简体   繁体   English

使用 split() 在各种标点符号处分割字符串

[英]Dividing a string at various punctuation marks using split()

I'm trying to divide a string into words, removing spaces and punctuation marks.我正在尝试将字符串分成单词,删除空格和标点符号。

I tried using the split() method, passing all the punctuation at once, but my results were incorrect:我尝试使用split()方法,一次传递所有标点符号,但我的结果不正确:

>>> test='hello,how are you?I am fine,thank you. And you?'
>>> test.split(' ,.?')
['hello,how are you?I am fine,thank you. And you?']

I actually know how to do this with regexes already, but I'd like to figure out how to do it using split() .我实际上已经知道如何使用正则表达式来做到这一点,但我想弄清楚如何使用split()来做到这一点。 Please don't give me a regex solution.请不要给我正则表达式解决方案。

If you want to split a string based on multiple delimiters, as in your example, you're going to need to use the re module despite your bizarre objections, like this:如果你想根据多个分隔符分割一个字符串,就像你的例子一样,尽管你有奇怪的反对意见,你还是需要使用re模块,就像这样:

>>> re.split('[?.,]', test)
['hello', 'how are you', 'I am fine', 'thank you', ' And you', '']

It's possible to get a similar result using split , but you need to call split once for every character, and you need to iterate over the results of the previous split.这是有可能得到使用了类似的结果split ,但你需要调用一次拆分为每一个字符,你需要遍历以前的拆分结果。 This works but it's ugly:这有效,但很难看:

>>> sum([z.split() 
... for z in sum([y.split('?') 
... for y in sum([x.split('.') 
... for x in test.split(',')],[])], [])], [])
['hello', 'how', 'are', 'you', 'I', 'am', 'fine', 'thank', 'you', 'And', 'you']

This uses sum() to flatten the list returned by the previous iteration.这使用sum()来展平前一次迭代返回的列表。

这是我能想到的不使用 re 模块的最佳方法:

"".join((char if char.isalpha() else " ") for char in test).split()

由于你不想使用 re 模块,你可以使用这个:

 test.replace(',',' ').replace('.',' ').replace('?',' ').split()
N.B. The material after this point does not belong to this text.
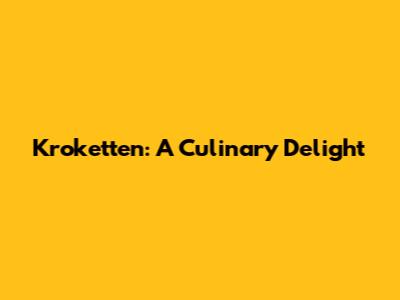 Kroketten: The Ultimate Guide

A modified version of larsks' answer, where you don't need to type all punctuation characters yourself: larsks 答案的修改版本,您无需自己输入所有标点符号:

import re, string

re.split("[" + string.punctuation + "]+", test)
['hello', 'how are you', 'I am fine', 'thank you', ' And you', '']

You can write a function to extend usage of .split() :您可以编写一个函数来扩展.split()

def multi_split(s, seprators):
    buf = [s]
    for sep in seprators:
        for loop, text in enumerate(buf):
            buf[loop:loop+1] = [i for i in text.split(sep) if i]
    return buf

And try it:并尝试:

>>> multi_split('hello,how are you?I am fine,thank you. And you?', ' ,.?') ['hello', 'how', 'are', 'you', 'I', 'am', 'fine', 'thank', 'you', 'And', 'you'] >>> multi_split('hello,how are you?I am fine,thank you. And you?', ' ,.?') ['hello', 'how', 'are', 'you', 'I', 'am', 'fine', 'thank', 'you', 'And', 'you']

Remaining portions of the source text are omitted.